** Opening INFORMATION block **
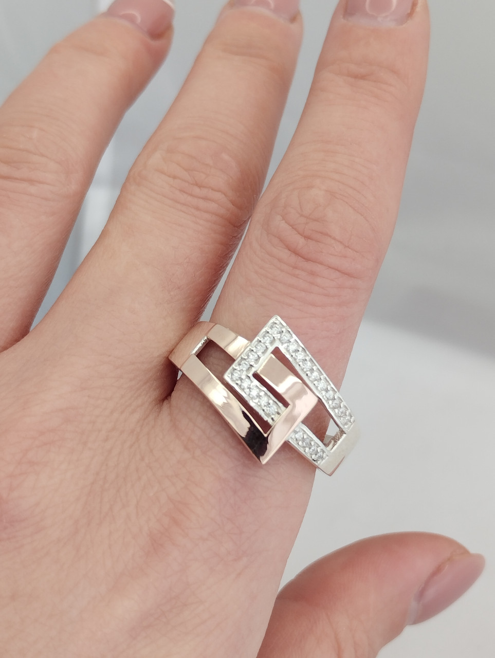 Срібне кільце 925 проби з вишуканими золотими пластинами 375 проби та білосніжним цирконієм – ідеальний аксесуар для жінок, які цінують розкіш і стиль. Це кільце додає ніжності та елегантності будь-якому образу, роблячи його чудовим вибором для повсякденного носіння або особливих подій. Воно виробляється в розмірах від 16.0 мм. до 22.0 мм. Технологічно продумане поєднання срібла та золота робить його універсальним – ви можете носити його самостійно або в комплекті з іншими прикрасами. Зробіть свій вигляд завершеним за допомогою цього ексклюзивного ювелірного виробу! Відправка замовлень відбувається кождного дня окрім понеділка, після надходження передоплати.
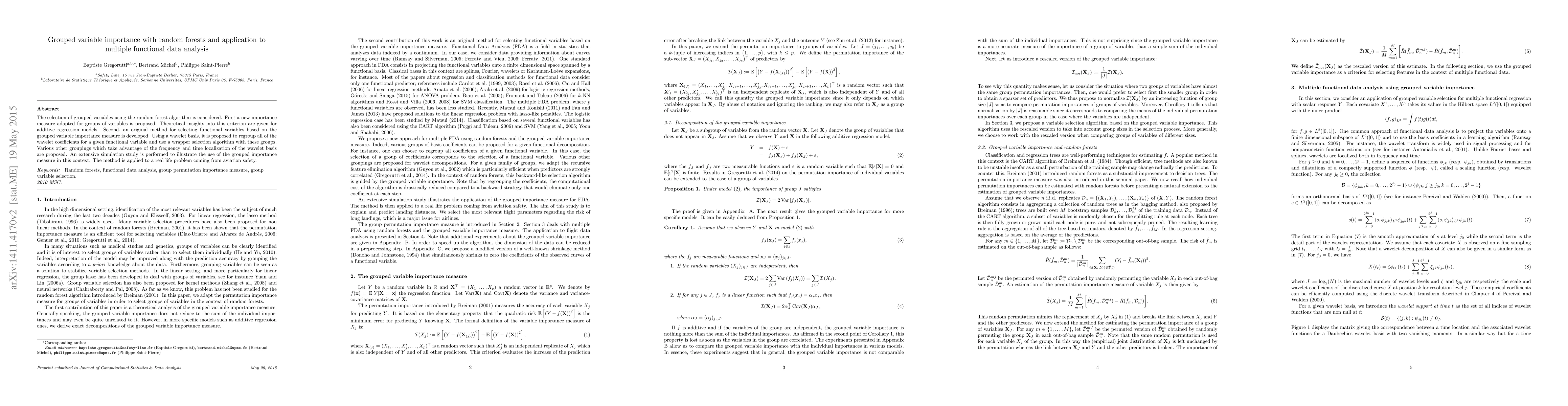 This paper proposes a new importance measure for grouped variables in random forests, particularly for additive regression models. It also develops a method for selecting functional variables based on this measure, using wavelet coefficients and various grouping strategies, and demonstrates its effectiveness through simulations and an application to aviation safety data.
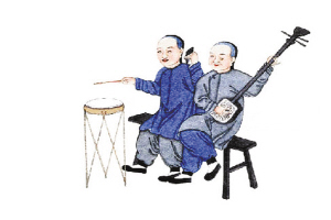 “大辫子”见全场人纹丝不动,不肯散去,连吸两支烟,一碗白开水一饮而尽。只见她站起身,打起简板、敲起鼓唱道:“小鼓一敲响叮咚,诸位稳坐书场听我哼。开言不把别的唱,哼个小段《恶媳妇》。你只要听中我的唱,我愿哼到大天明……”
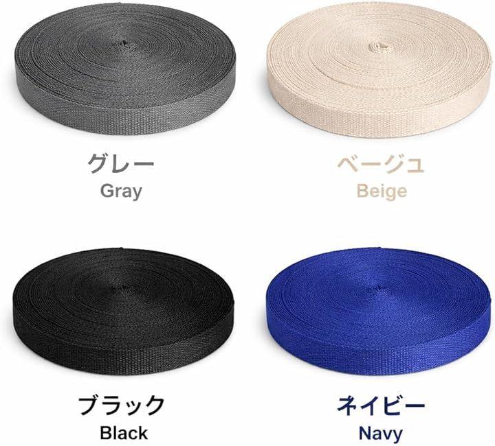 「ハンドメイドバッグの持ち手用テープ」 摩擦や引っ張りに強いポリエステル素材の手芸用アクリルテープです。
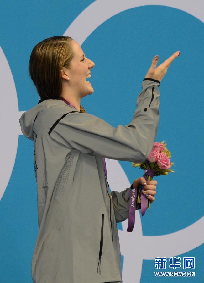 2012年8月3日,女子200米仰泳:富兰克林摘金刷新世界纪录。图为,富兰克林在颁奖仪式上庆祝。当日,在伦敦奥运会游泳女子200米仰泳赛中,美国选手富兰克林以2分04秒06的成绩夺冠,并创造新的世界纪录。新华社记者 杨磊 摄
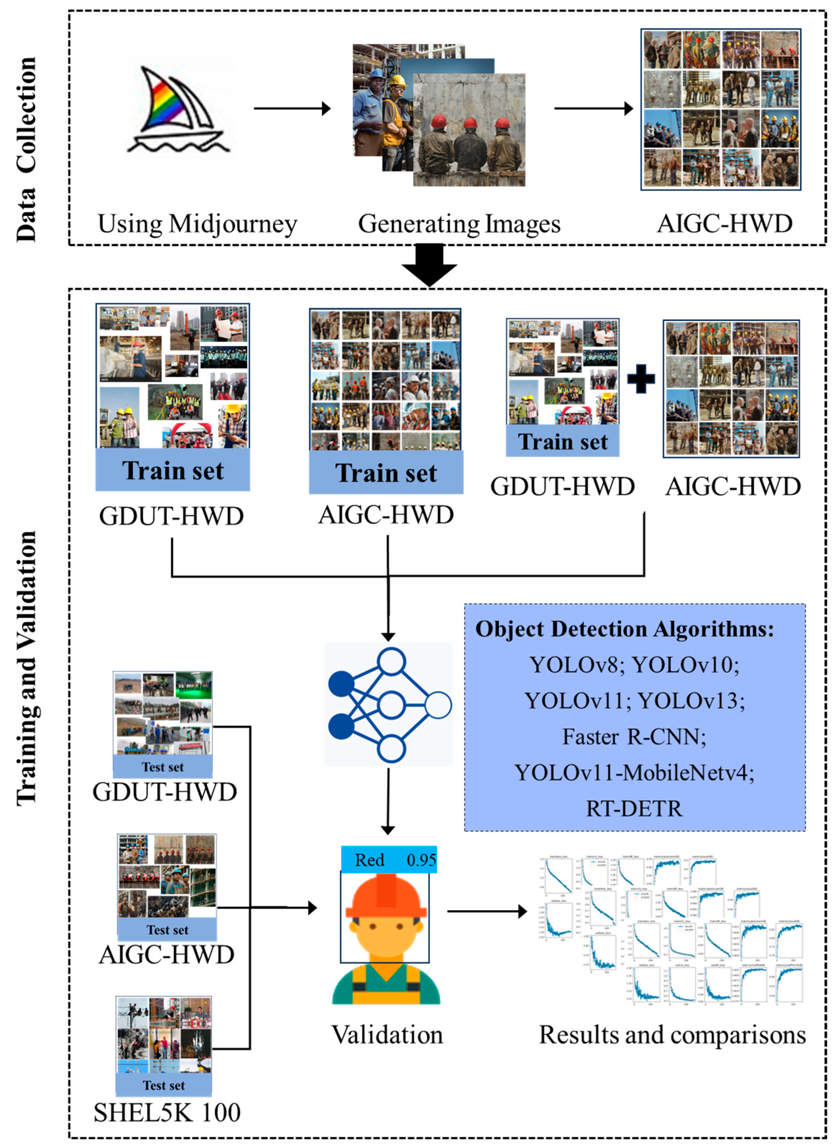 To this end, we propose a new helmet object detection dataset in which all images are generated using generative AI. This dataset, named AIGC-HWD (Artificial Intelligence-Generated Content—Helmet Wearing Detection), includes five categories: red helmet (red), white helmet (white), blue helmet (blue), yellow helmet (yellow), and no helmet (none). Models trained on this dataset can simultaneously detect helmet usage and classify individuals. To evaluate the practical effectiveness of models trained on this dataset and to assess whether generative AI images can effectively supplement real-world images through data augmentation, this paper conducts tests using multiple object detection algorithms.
** Closing INFORMATION block **
WHAT YOU HAVE TO DO — Copy out the material exactly as it stands, though no picture should appear in the copy.

COMPLETED TASK —
 Срібне кільце 925 проби з вишуканими золотими пластинами 375 проби та білосніжним цирконієм – ідеальний аксесуар для жінок, які цінують розкіш і стиль. Це кільце додає ніжності та елегантності будь-якому образу, роблячи його чудовим вибором для повсякденного носіння або особливих подій. Воно виробляється в розмірах від 16.0 мм. до 22.0 мм. Технологічно продумане поєднання срібла та золота робить його універсальним – ви можете носити його самостійно або в комплекті з іншими прикрасами. Зробіть свій вигляд завершеним за допомогою цього ексклюзивного ювелірного виробу! Відправка замовлень відбувається кождного дня окрім понеділка, після надходження передоплати.
 This paper proposes a new importance measure for grouped variables in random forests, particularly for additive regression models. It also develops a method for selecting functional variables based on this measure, using wavelet coefficients and various grouping strategies, and demonstrates its effectiveness through simulations and an application to aviation safety data.
 “大辫子”见全场人纹丝不动,不肯散去,连吸两支烟,一碗白开水一饮而尽。只见她站起身,打起简板、敲起鼓唱道:“小鼓一敲响叮咚,诸位稳坐书场听我哼。开言不把别的唱,哼个小段《恶媳妇》。你只要听中我的唱,我愿哼到大天明……”
 「ハンドメイドバッグの持ち手用テープ」 摩擦や引っ張りに強いポリエステル素材の手芸用アクリルテープです。
 2012年8月3日,女子200米仰泳:富兰克林摘金刷新世界纪录。图为,富兰克林在颁奖仪式上庆祝。当日,在伦敦奥运会游泳女子200米仰泳赛中,美国选手富兰克林以2分04秒06的成绩夺冠,并创造新的世界纪录。新华社记者 杨磊 摄
 To this end, we propose a new helmet object detection dataset in which all images are generated using generative AI. This dataset, named AIGC-HWD (Artificial Intelligence-Generated Content—Helmet Wearing Detection), includes five categories: red helmet (red), white helmet (white), blue helmet (blue), yellow helmet (yellow), and no helmet (none). Models trained on this dataset can simultaneously detect helmet usage and classify individuals. To evaluate the practical effectiveness of models trained on this dataset and to assess whether generative AI images can effectively supplement real-world images through data augmentation, this paper conducts tests using multiple object detection algorithms.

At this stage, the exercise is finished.